PROVIDED ENTRIES:
══════
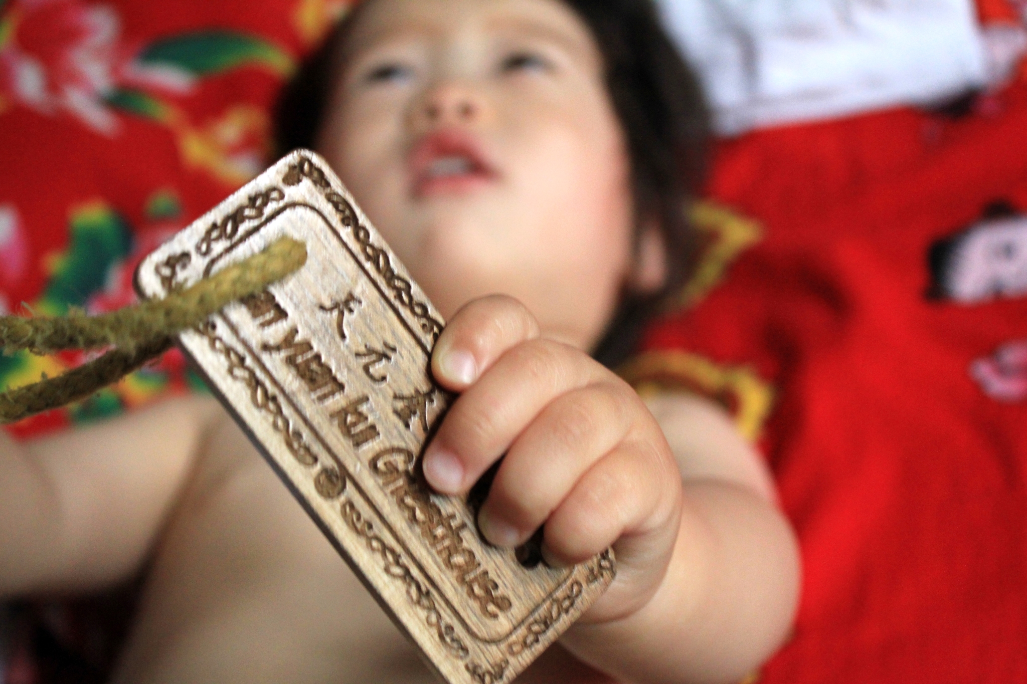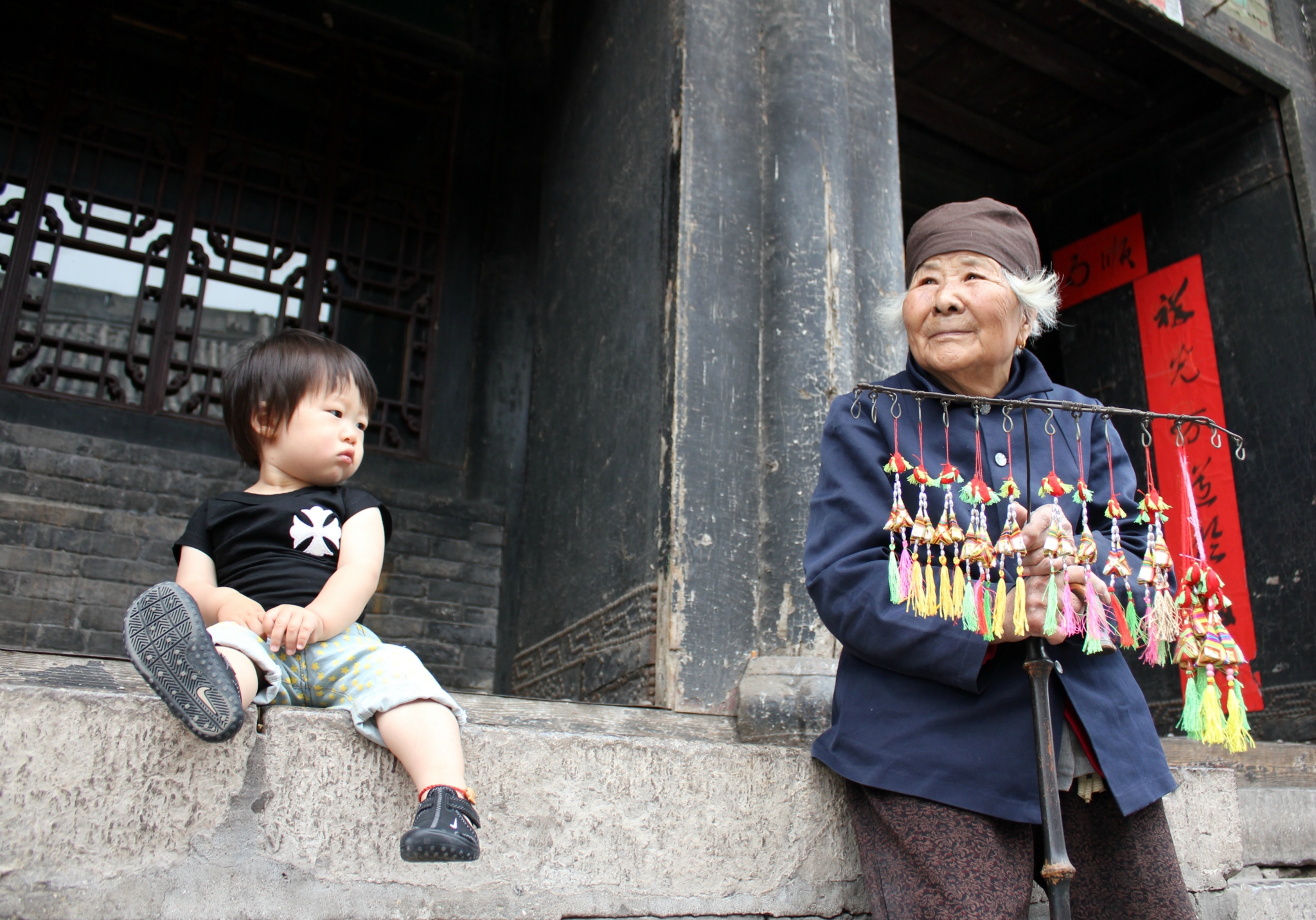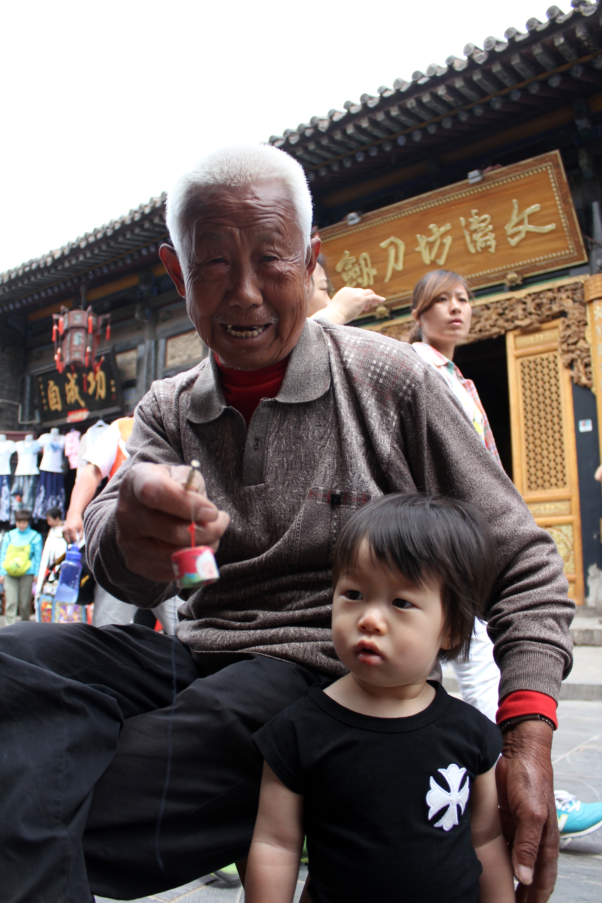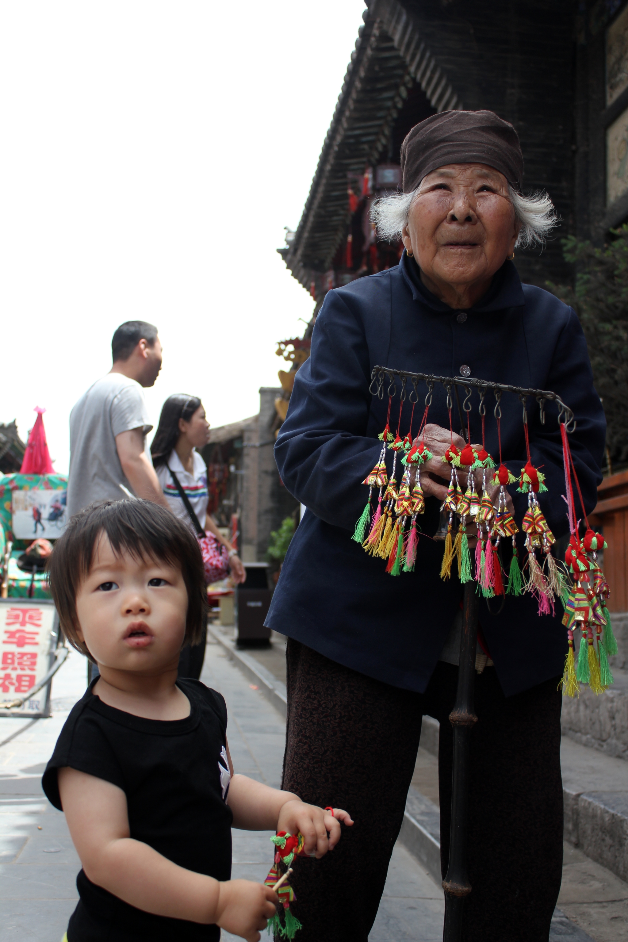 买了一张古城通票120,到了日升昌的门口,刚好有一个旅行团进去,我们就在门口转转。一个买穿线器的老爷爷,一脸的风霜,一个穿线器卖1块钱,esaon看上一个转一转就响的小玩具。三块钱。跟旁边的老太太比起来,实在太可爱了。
══════
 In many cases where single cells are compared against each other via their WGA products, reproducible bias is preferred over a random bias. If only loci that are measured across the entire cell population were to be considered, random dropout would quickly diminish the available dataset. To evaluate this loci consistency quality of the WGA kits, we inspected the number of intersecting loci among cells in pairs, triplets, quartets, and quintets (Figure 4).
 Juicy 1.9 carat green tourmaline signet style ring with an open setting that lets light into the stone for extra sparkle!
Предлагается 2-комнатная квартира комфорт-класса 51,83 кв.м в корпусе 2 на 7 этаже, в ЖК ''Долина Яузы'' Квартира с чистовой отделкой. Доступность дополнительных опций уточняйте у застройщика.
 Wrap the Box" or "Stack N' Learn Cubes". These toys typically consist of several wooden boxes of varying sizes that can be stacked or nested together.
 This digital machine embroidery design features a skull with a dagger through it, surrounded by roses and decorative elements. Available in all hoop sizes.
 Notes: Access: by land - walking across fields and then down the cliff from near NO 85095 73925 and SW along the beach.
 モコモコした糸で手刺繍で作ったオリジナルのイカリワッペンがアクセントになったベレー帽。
══════
YOUR TASK:
Reproduce exactly, and with no other material, the lines between those holding "Notes: Access: by" and "モコモコした糸で手刺繍で作っ", inclusive.

RESULT OF THIS TASK:
 Notes: Access: by land - walking across fields and then down the cliff from near NO 85095 73925 and SW along the beach.
 モコモコした糸で手刺繍で作ったオリジナルのイカリワッペンがアクセントになったベレー帽。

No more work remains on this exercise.